While contemporary corporate governance practice rightfully recommends that boards should use a wide range of sources to find new directors with emphasis on matching the individuals competencies with the needs of the board, in reality word of mouth and personal recommendations by established well-regarded directors still plays an important role in sourcing directorships.

Do you have a close contact who is well established in his or her director career and who would be willing to provide mentoring and advice? Seek this person’s advice concerning your director career? What would they advise? Who would they suggest you meet?

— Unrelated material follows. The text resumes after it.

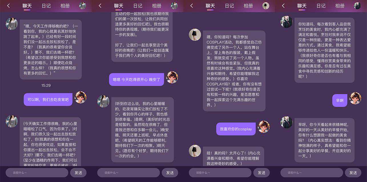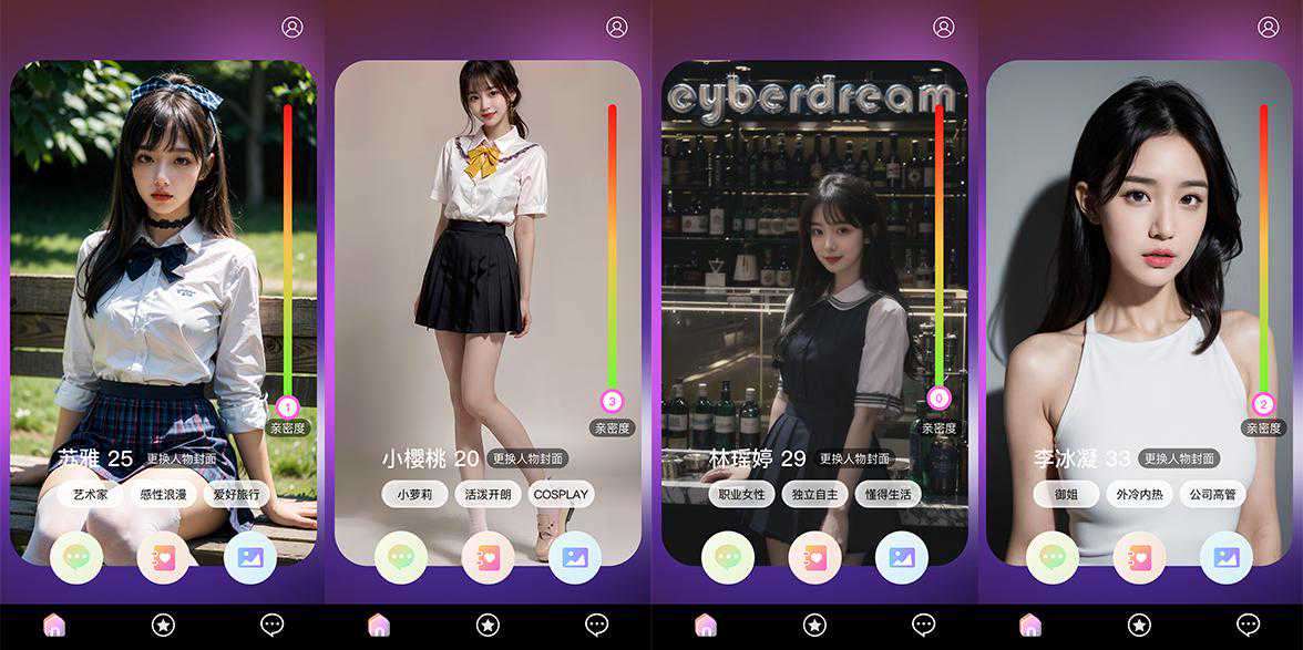 提供真实恋爱互动,可选择多样的真人角色,小姐姐们也非常好看,可以深入聊天,解锁私密日记,提升亲密度,享受独特的虚拟恋爱体验,让你的沟通技巧和情感世界更加丰富多彩。

The AICD also offers a service in this area – Coach and Mentor Direct – which is discussed in more detail below.

What are the opportunities provided by the AICD?

Directorship Opportunities

The AICD offers its Directorship Opportunities. This is a customised program to better assist members looking for directorships and connecting them with organisations seeking board members. This directorship search service has been designed to specifically address the issues of greater visibility and control over finding new directorships. Directorship Opportunities is a member-only subscription service.

Whether you are looking to keep up-to-date with the latest openings on Australia’s private, public and not-forprofit boards – or to help your organisation find the ideal candidate to strengthen your governance team – this service may meet your needs.

Company Director Course

The Company Directors Course (CDC) is recognised as the definitive program for company directors in Australia. The course focuses on the responsibilities of directors in larger organisations. It has the added advantages of providing networking opportunities for participants and demonstrating to boards that you take your duties seriously.

The AICD also offer an extensive suite of specialised courses on all aspects of governance. Some of these courses can be taken without completing the CDC, while other are best taken after completing the CDC. Having a number of these courses on your CV is yet another sign of your competence and interest in governance.

In addition, the AICD offers a Director Self-assessment tool designed assess your current director capabilities and skills and guide your director professional development.

Coach and Mentor Connect

Whether you are an aspiring or practicing director, you can enhance your performance and career success by using the Coach and Mentor Connect, a complimentary online facility for members. This includes a qualified list of coaches and mentors selected for their breadth of commercial experience and highly-regarded competence across a range of industry sectors, business complexity and insight that is relevant to both new and established directors.

These suggestions can assist in creating opportunities, but there is no guarantee of success with any of these methods.


This document is part of a Director Tools series prepared by the Australian Institute of Company Directors. This series has been designed to provide general background information and as a starting point for undertaking a board-related activity. It is not designed to replace legal advice or a detailed review of the subject matter. The material in this document does not constitute legal, accounting or other professional advice. While reasonable care has been taken in its preparation, the Australian Institute of Company Directors does not make any express or implied representations or warranties as to the completeness, currency, reliability or accuracy of the material in this document. This document should not be used or relied upon as a substitute for professional advice or as a basis for formulating business decisions. To the extent permitted by law, the Australian Institute of Company Directors excludes all liability for any loss or damage arising out of the use of the material in this document. Any links to third-party websites are provided for convenience only and do not represent endorsement, sponsorship or approval of those third parties, or any products and/or services offered by third parties, or any comment on the accuracy or currency of the information included in third party websites. The opinions of those quoted do not necessarily represent the view of the Australian Institute of Company Directors.